* Instructions for the task *
For this exercise, copy exactly the lines below from the one with "The Chief Curator" through the one with "Stylish Pink button-up" and leave out the pictures.

* Provided material *
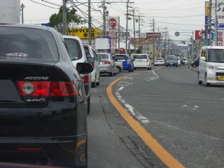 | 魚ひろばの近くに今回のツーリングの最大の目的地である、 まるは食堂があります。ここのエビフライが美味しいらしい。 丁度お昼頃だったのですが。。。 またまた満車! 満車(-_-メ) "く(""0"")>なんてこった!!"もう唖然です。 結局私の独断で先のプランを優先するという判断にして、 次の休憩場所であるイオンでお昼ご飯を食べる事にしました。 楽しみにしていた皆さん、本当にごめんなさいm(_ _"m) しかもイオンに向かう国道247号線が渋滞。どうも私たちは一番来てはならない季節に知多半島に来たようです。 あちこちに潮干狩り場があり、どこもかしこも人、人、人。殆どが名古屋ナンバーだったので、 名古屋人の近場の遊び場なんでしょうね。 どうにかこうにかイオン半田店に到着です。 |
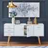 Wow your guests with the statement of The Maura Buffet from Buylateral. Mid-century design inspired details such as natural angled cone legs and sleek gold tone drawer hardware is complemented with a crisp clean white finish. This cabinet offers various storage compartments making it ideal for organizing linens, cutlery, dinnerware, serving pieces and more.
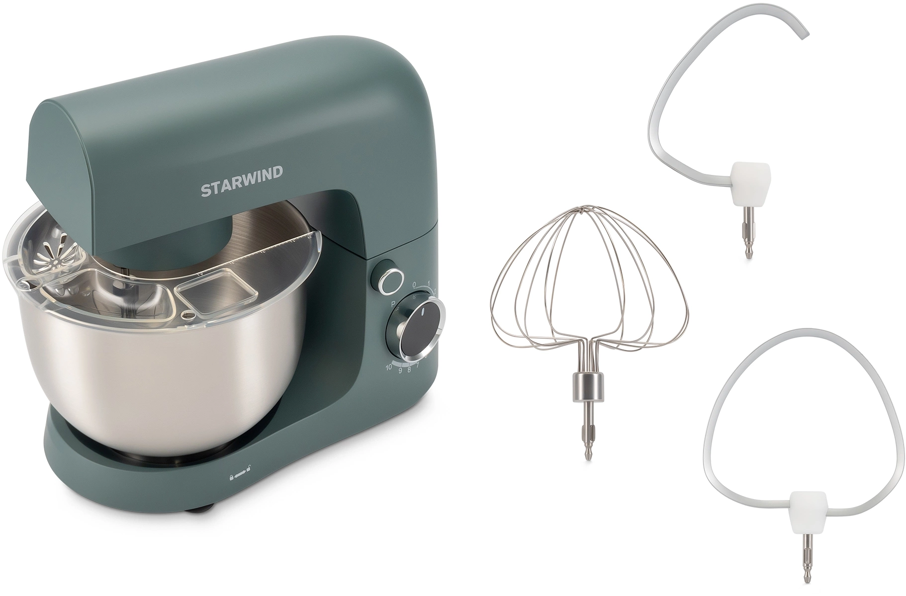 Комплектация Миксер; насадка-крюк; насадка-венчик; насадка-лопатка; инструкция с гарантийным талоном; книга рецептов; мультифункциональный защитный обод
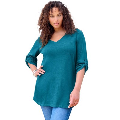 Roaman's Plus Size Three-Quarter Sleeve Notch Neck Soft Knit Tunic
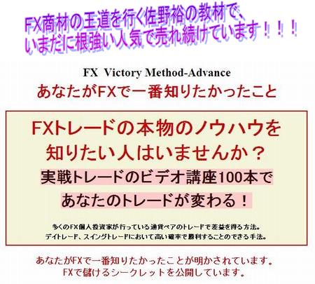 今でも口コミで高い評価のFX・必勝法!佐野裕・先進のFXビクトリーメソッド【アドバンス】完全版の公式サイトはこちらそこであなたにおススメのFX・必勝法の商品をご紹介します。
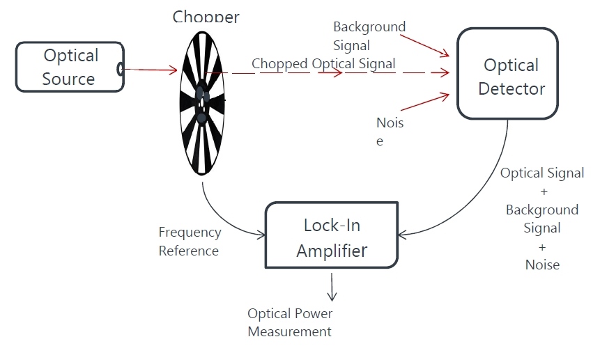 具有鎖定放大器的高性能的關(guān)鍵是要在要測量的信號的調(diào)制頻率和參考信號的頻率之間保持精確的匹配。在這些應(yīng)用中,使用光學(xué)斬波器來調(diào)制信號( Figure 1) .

--

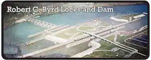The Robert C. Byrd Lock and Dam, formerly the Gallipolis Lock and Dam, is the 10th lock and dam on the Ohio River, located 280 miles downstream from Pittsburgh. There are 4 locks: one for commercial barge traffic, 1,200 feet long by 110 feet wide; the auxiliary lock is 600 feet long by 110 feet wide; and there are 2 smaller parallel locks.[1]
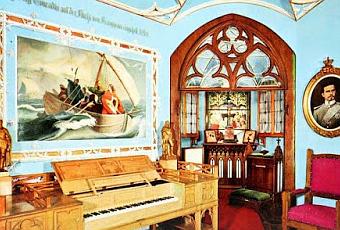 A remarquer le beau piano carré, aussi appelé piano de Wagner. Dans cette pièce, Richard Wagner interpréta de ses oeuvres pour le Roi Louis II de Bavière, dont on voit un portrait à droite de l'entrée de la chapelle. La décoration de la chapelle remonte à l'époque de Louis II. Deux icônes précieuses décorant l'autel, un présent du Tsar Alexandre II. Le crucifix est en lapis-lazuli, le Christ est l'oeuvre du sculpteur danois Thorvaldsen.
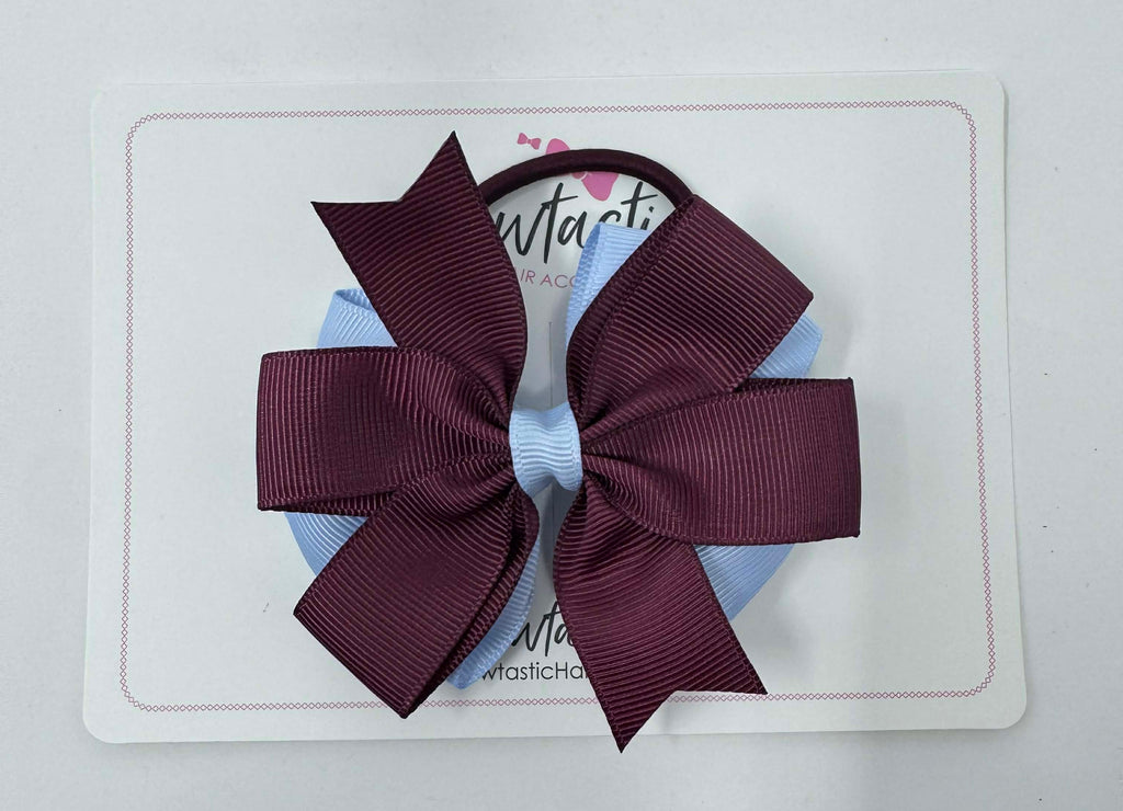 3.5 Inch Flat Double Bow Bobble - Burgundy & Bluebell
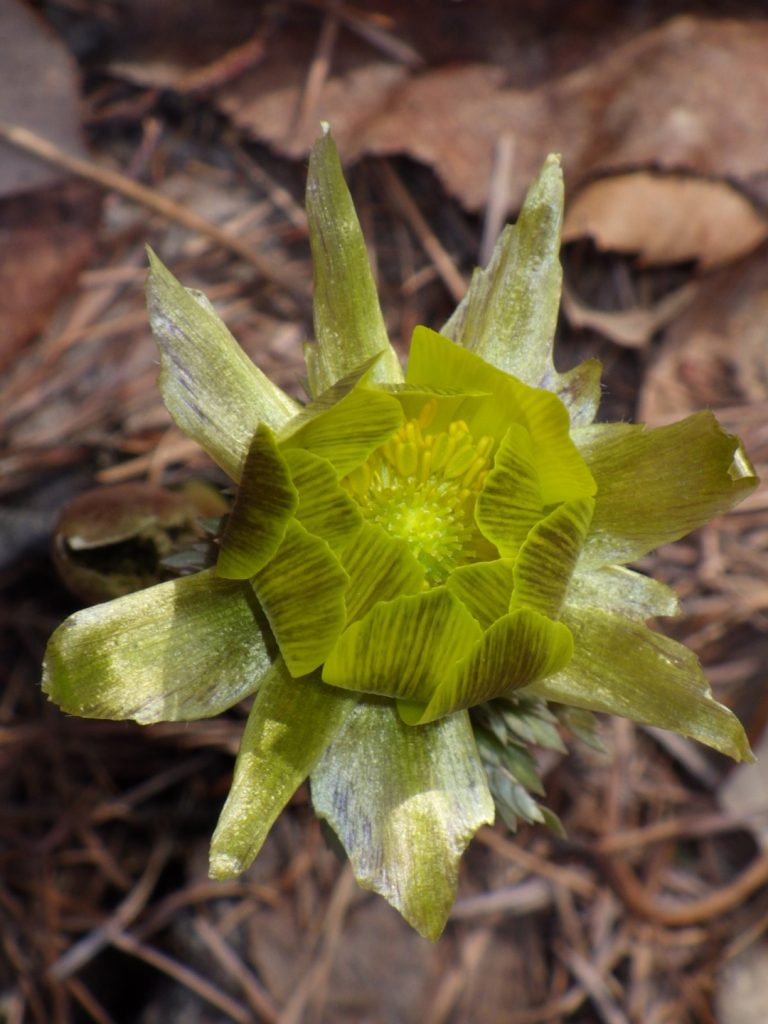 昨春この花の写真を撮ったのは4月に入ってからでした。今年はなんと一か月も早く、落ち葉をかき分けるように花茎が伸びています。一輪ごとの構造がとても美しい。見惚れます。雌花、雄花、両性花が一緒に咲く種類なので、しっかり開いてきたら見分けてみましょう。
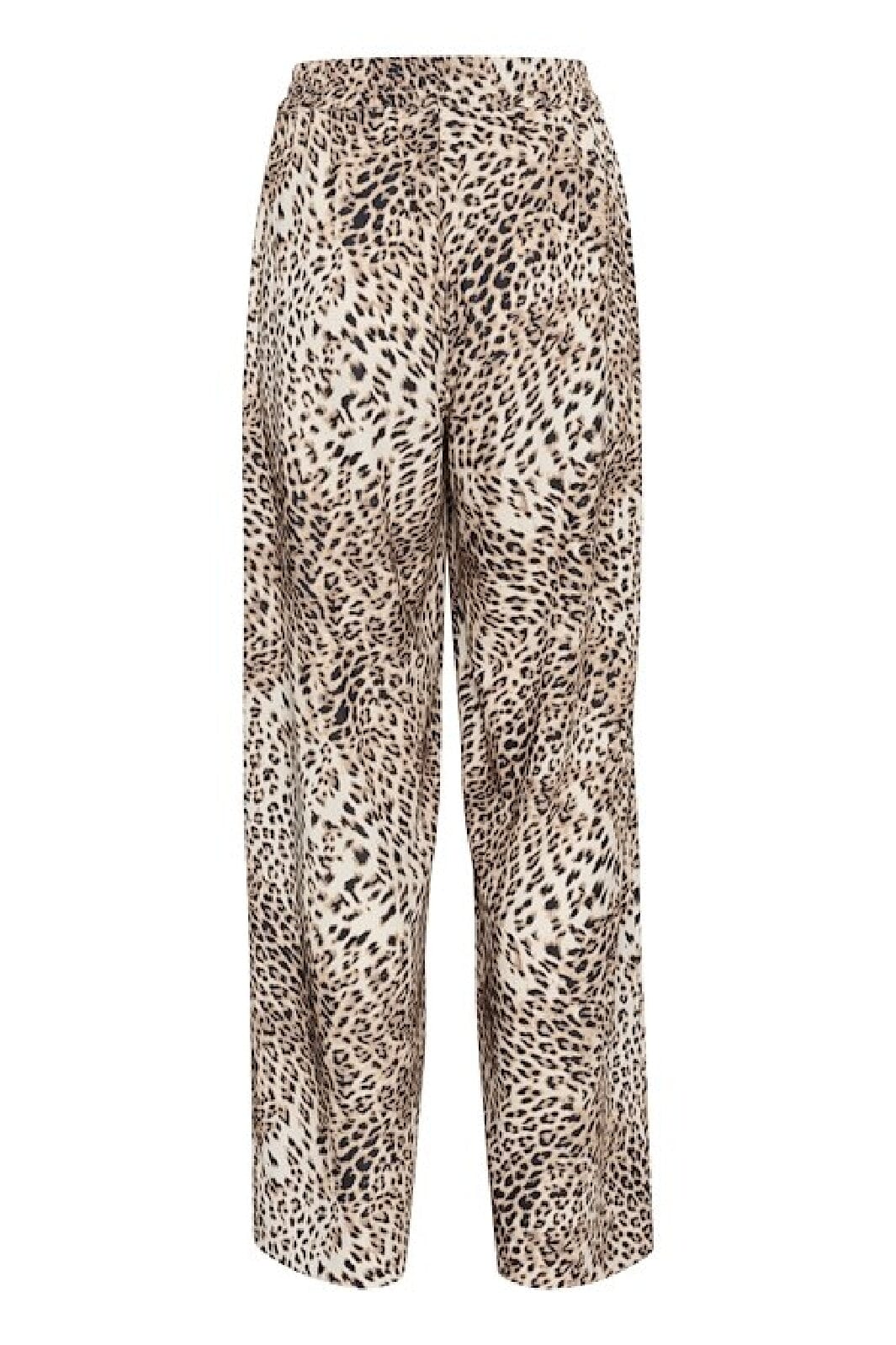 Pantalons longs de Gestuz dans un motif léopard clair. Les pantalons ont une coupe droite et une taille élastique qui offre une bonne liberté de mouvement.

* * *

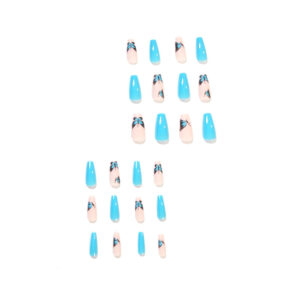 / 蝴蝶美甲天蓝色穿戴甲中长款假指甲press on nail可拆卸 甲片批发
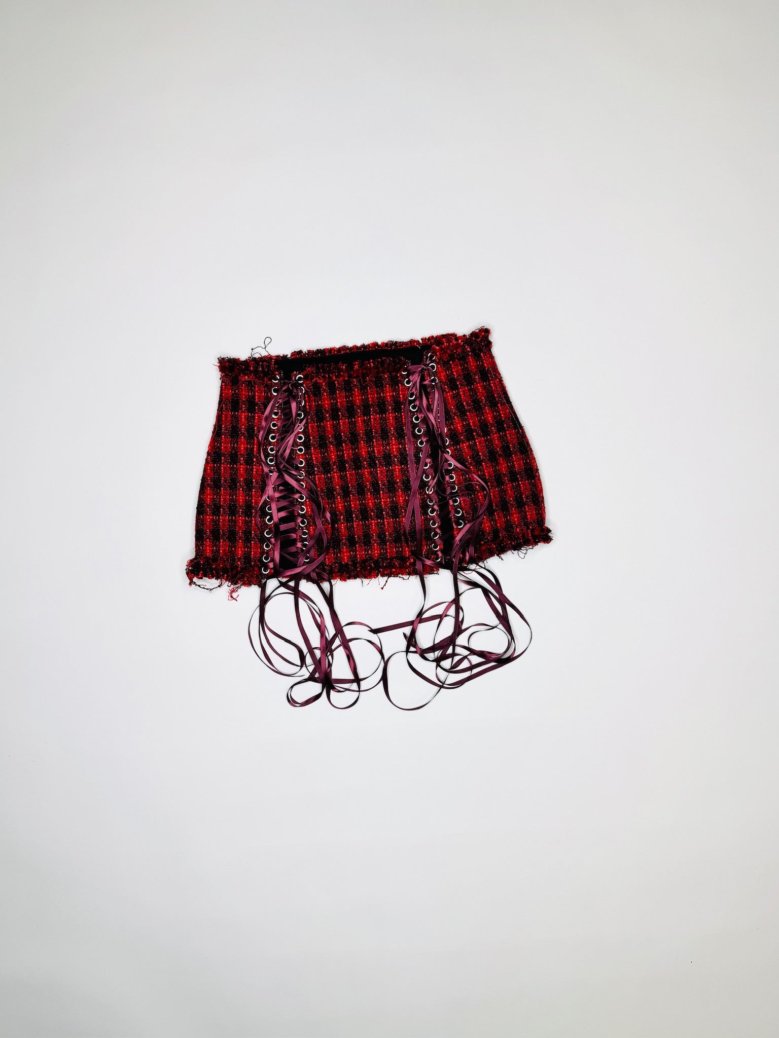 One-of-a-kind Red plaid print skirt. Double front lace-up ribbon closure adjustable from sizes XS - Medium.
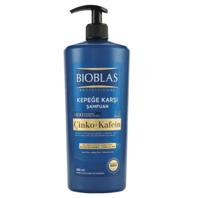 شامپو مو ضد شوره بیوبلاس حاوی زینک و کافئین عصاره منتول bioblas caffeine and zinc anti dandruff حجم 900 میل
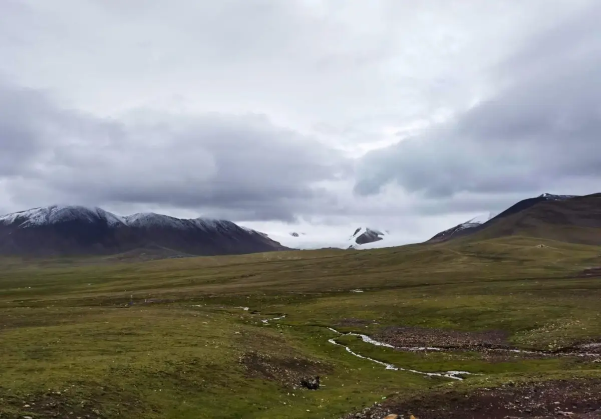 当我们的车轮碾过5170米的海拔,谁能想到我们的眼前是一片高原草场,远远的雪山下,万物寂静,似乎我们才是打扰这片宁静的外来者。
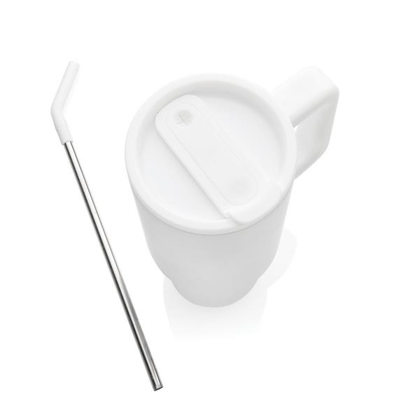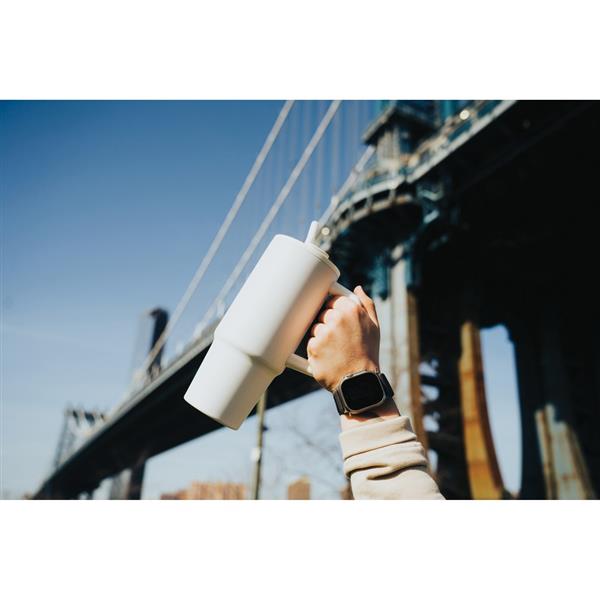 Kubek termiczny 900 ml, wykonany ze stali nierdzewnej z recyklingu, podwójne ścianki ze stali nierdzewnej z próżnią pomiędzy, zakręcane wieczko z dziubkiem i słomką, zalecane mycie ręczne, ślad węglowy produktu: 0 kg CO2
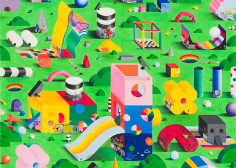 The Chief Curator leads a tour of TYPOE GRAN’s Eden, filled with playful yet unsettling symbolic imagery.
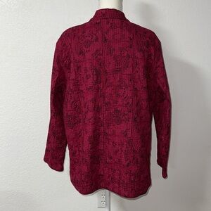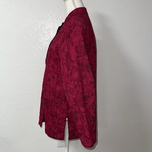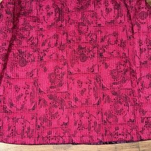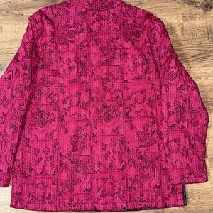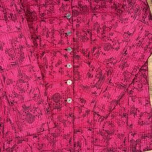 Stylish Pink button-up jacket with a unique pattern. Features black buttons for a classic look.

* Written reply *
 The Chief Curator leads a tour of TYPOE GRAN’s Eden, filled with playful yet unsettling symbolic imagery.
 Stylish Pink button-up jacket with a unique pattern. Features black buttons for a classic look.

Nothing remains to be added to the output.